David Flandro, Global Head of Business Intelligence, Julian Alovisi, Assistant Vice President, Lucy Dalimonte, Senior Vice President, Ellen Rieder, Managing Director and Emma Karhan, Senior Vice President
Although the need for the Terrorism Risk Insurance Program Reauthorization Act of 2007 (TRIPRA) is clear, reinsurance protection can help companies withstand the non-renewal or alteration of the program. Indeed, even though the federal backstop currently remains in place, some insurers have decided to further protect their balance sheet with reinsurance protections. These standalone reinsurance protections typically exclude losses resulting from nuclear, biological, radiological or chemical instruments, but would protect all losses from their property, casualty and workers’ compensation business written. Standalone reinsurance pricing continues to vary depending on thegeographical location of the risk(s) as well as proximity of the risk to a perceived target of terrorism.

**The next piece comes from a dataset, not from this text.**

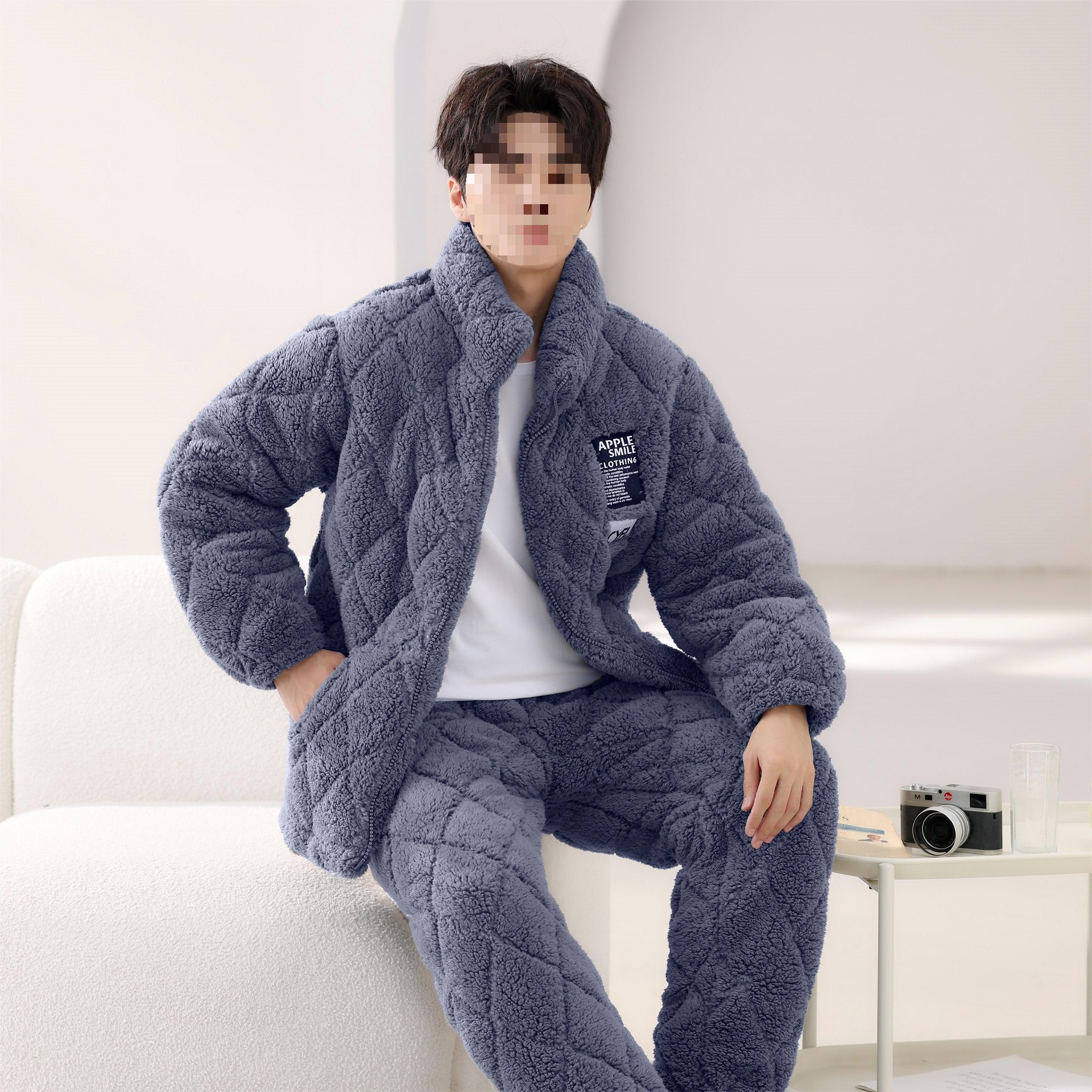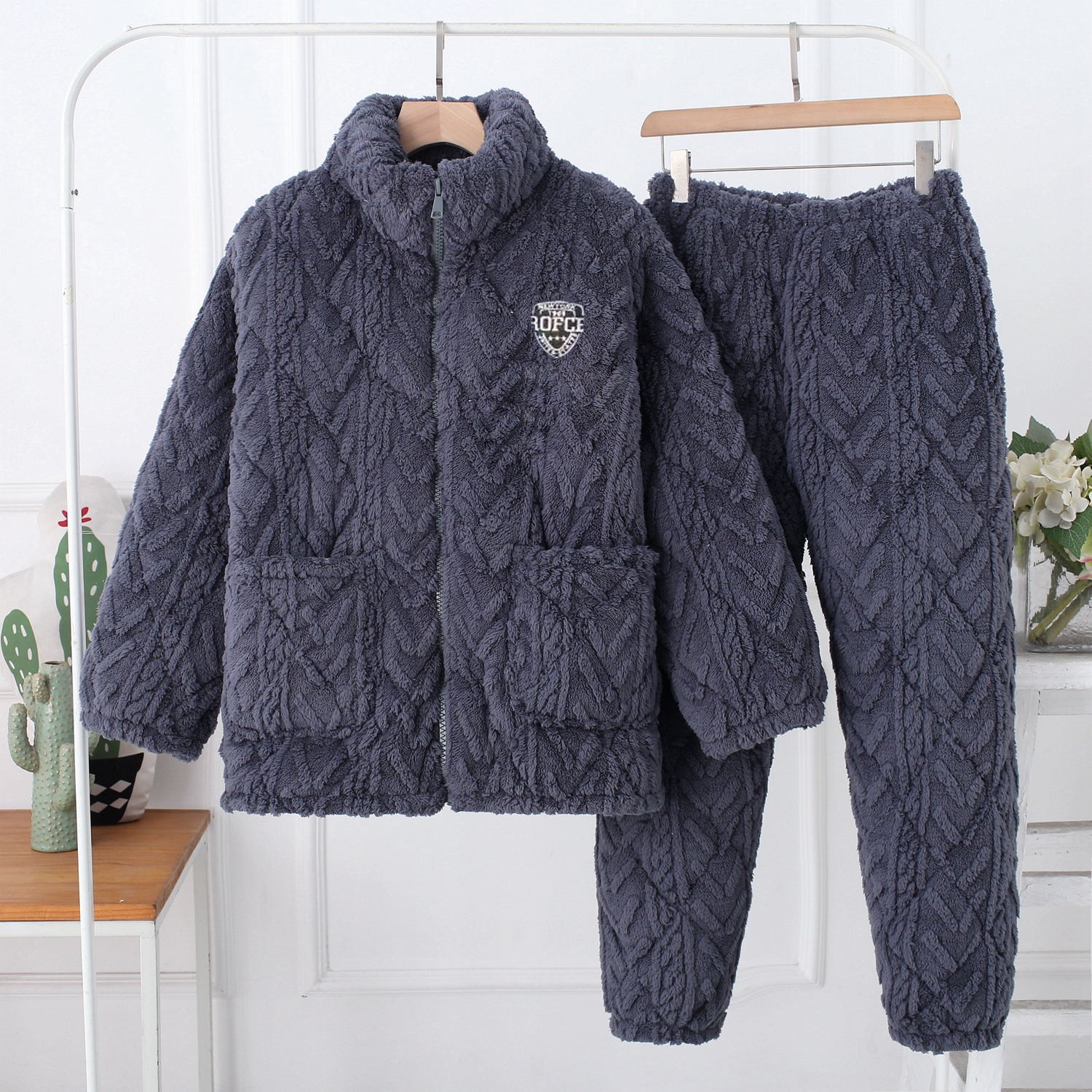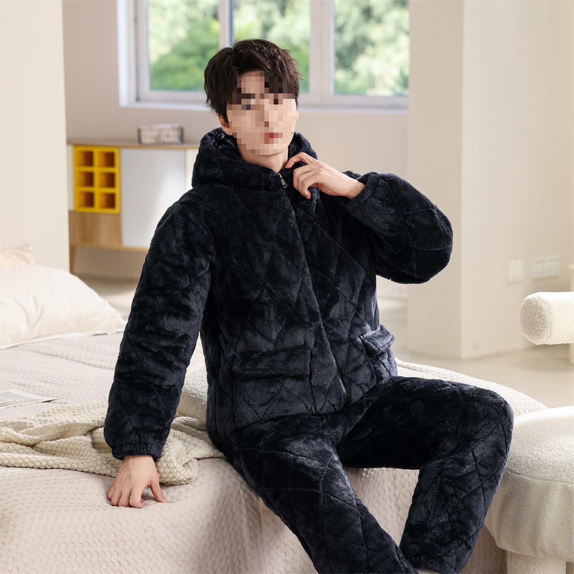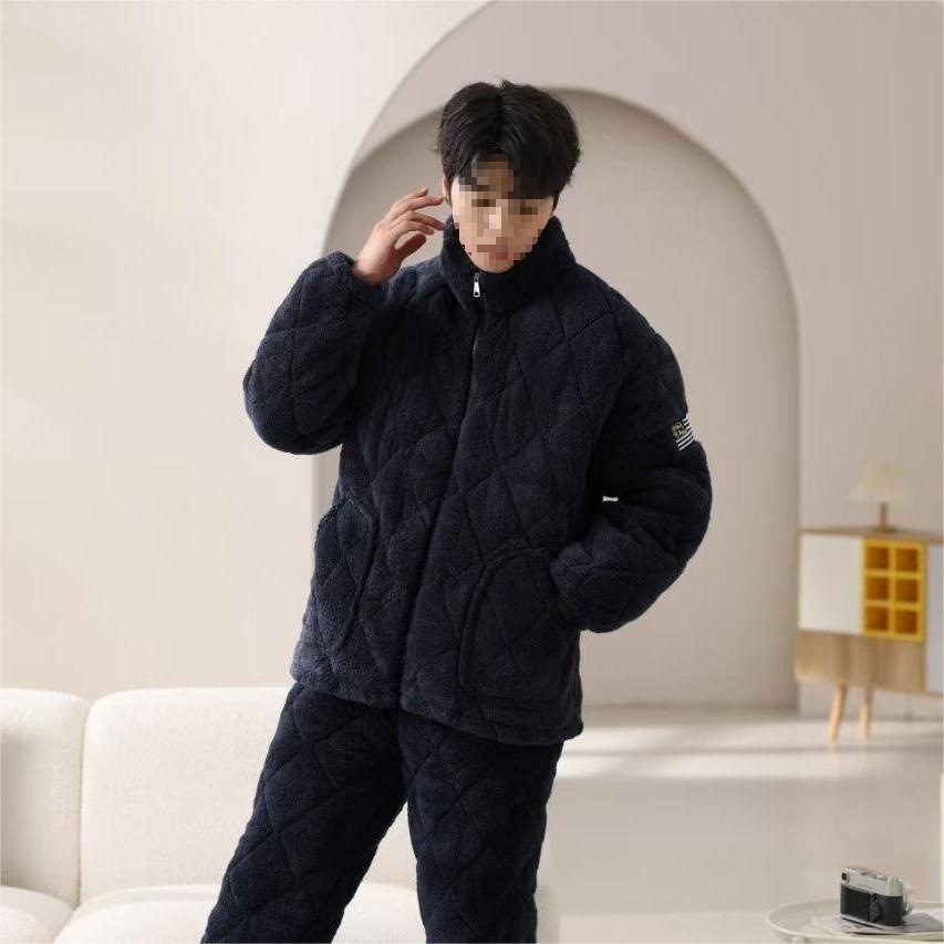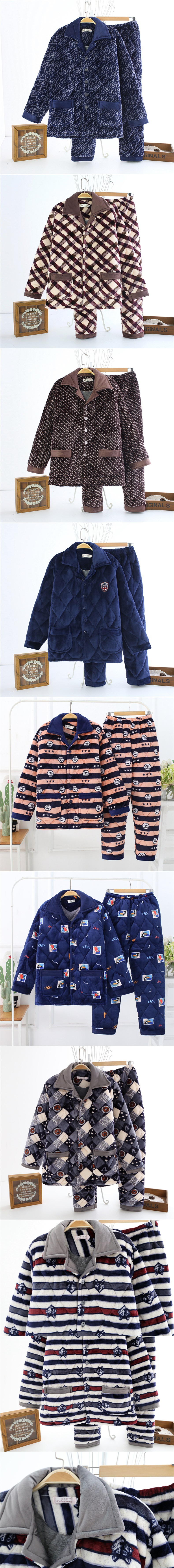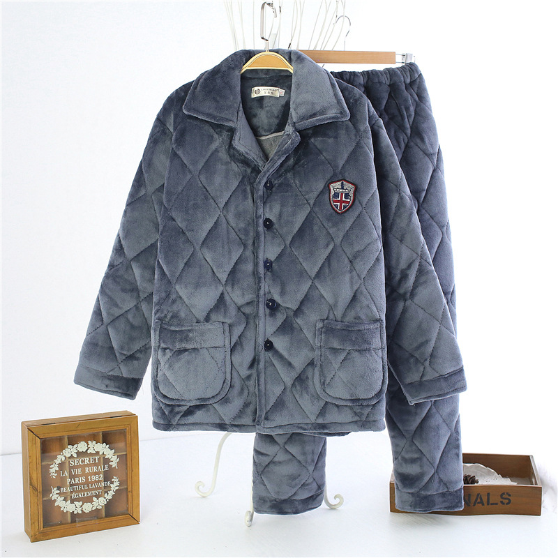 특별 통관 겨울 3 층 두꺼운 산호 양털 퀼트 파자마 남성 기모 플란넬 홈 의류 세트스토어 가기

Insurance companies that are perceived to benefit from lower TRIPRA deductibles (based on direct earned premiums) will likely see a greater impact and may need to reduce their aggregate exposure to terrorism on the front end (reduce writings) or buy more reinsurance protection. While there currently seems to be ample capacity for companies that buy standalone terrorism reinsurance, increased demand would likely result in higher prices. Higher reinsurance costs could make it unaffordable for smaller companies to buy enough coverage. While it is still too early to predict, any dramatic change in TRIPRA could lead to contraction in the marketplace in both insurance and reinsurance.